Most security teams have more alerts than they can investigate. Most of those alerts are low quality — either false positives that shouldn't fire, or true positives that fire without enough context to act on them. The response to this situation is usually to buy more tooling, tune thresholds, or hire more analysts. Rarely is it to question the quality of the detection logic itself.
Here's the thing: detection is not a configuration problem. It's a content problem.
The Assumptions Problem
Security teams routinely assume their detection tools work. They buy a SIEM, point it at their log sources, deploy a few out-of-the-box rules, and proceed on the assumption that meaningful alerts will surface when something bad happens. Sometimes they do. Often, they don't.
The gap is usually not technical. The SIEM is working. The logs are arriving. The rules are executing. What's missing is that nobody validated that the rules actually catch the behavior they're supposed to catch — in this environment, with this log format, in this configuration.

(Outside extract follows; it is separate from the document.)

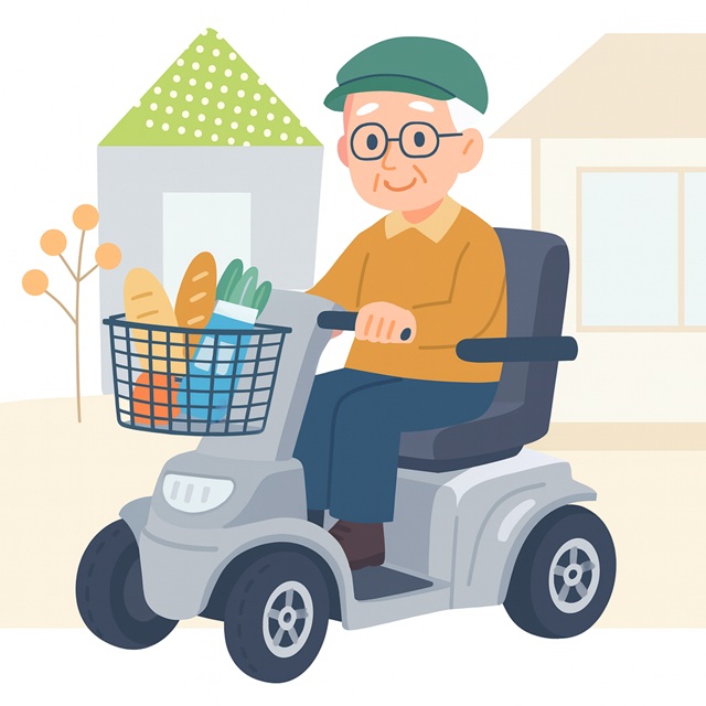 電動シルバーカーとは、モーターによって自走することができ、足腰が弱いかたでも長距離を移動したり、歩行の負担を軽減したりするために利用します。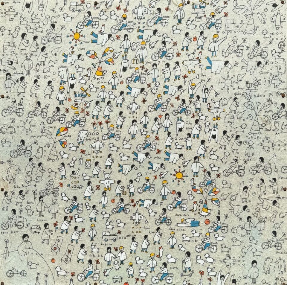 本展の後半で紹介されている〈Family〉シリーズは、矢原自身が「封印を解いてもよい」と感じ始めた近年の心境を反映した作品群です。小さな人物やモチーフが画面いっぱいに描き込まれた作品には、これまで抑制されてきた感情や日常の気配が、軽やかに、しかし確かな密度をもって表現されています。

Assumptions accumulate. Rules are copied from detection repositories and deployed without being tailored to the local log schema. Alert thresholds are set based on default values rather than environmental baselines. Log sources are assumed to be complete when they're actually partial. Nobody tests because testing is slow and manual and there's always something more urgent.

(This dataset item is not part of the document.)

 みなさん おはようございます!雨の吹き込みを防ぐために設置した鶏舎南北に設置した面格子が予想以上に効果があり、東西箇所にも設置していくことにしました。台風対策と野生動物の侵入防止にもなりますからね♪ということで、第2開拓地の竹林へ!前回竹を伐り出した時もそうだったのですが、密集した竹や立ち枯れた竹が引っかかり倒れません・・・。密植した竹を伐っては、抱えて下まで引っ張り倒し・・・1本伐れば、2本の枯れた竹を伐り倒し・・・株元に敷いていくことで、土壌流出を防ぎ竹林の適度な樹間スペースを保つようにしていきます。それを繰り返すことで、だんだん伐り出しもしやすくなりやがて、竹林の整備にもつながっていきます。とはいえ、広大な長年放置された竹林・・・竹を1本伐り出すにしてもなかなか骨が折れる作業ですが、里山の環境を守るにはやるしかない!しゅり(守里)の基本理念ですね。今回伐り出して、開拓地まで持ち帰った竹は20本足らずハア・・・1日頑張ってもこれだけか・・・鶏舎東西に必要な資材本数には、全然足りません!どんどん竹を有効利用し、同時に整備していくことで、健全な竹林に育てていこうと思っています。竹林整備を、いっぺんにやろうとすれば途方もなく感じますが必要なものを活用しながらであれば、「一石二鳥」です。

Good detections are like good documentation: nobody notices when they're great, but everybody suffers when they're bad.
Detection as Content Creation
Writing a detection rule requires:
- Understanding the threat behavior you're trying to detect — the specific technique, not just the general category
- Understanding your log sources — what fields are available, how they're populated, what edge cases exist in your environment
- Writing logic that's specific enough to not generate noise and broad enough to not miss variations of the technique
- Testing the rule against known-good traffic to validate false positive rates and against synthetic attack traffic to validate true positive rates
- Documenting the detection well enough that an analyst seeing it for the first time understands what it means and what to do
This is content creation. It requires expertise, time, and iteration. A rule that takes five minutes to write and five years to become trusted isn't a good rule — it's technical debt that generates noise while it matures.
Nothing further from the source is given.